■ **Exercise objective**
Your answer should be the line containing "مدیر دفتر مدیریت و بودجه" and every line after it to the end of the records below, word for word.

■ **Data shown**
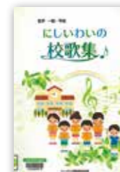
「岩手・一関・平泉にしいわいの校歌集」 トーバン印刷株式会社
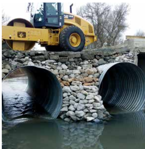
Временен водосток на р. Маринка Temporary culvert river Marinka
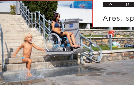
Šikmá schodisková plošina
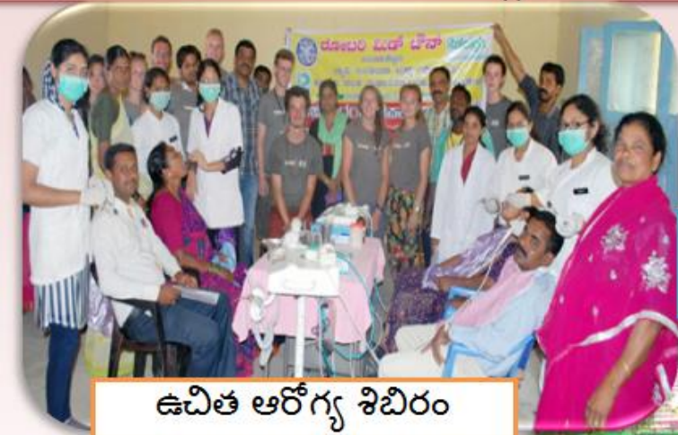
ఉచిత ఆరోగ్య శిబిరం

SHGలకు తక్కువ మొత్తాలలో పరపతి కోసం బ్యాంకర్ల ప్రచారం
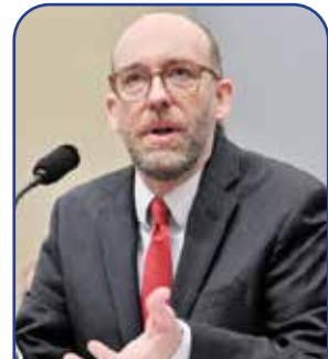
مدیر دفتر مدیریت و بودجه

ولدون ۷۱ ساله یک پزشک و در عین حال نظامی پرسابقه است که در قامت یک جمهوریخواه هفت دوره در مجلس نمایندگان آمریکا عضویت یافت. انتخاب شدن او برای پست «سازمان کنترل بیماری‌ها» بازکننده راه وی برای بازگشت به قطب سیاست آمریکا است، سوءا اعتمادی را که قاطبه مردم آمریکا به این سازمان دارند و قصورها در این زمینه را فراوان می‌دانند، معمو و اعتماد را جانشین آن کند. ترامپ گفته است: «ولدون سابقه یک زندگی ژانوشویی موفق را به مدت ۴۵ سال دارد و صاحب دوفرنده هم هست و در نتیجه به اهمیت فراوان عنصر خانواده و نقش آن در ساخت جوامع سالم واقف است و به این ترتیب هر چه را که در این راه الزامی است، فراهم خواهد آورد.»

■ **Output for this exercise**
مدیر دفتر مدیریت و بودجه

ولدون ۷۱ ساله یک پزشک و در عین حال نظامی پرسابقه است که در قامت یک جمهوریخواه هفت دوره در مجلس نمایندگان آمریکا عضویت یافت. انتخاب شدن او برای پست «سازمان کنترل بیماری‌ها» بازکننده راه وی برای بازگشت به قطب سیاست آمریکا است، سوءا اعتمادی را که قاطبه مردم آمریکا به این سازمان دارند و قصورها در این زمینه را فراوان می‌دانند، معمو و اعتماد را جانشین آن کند. ترامپ گفته است: «ولدون سابقه یک زندگی ژانوشویی موفق را به مدت ۴۵ سال دارد و صاحب دوفرنده هم هست و در نتیجه به اهمیت فراوان عنصر خانواده و نقش آن در ساخت جوامع سالم واقف است و به این ترتیب هر چه را که در این راه الزامی است، فراهم خواهد آورد.»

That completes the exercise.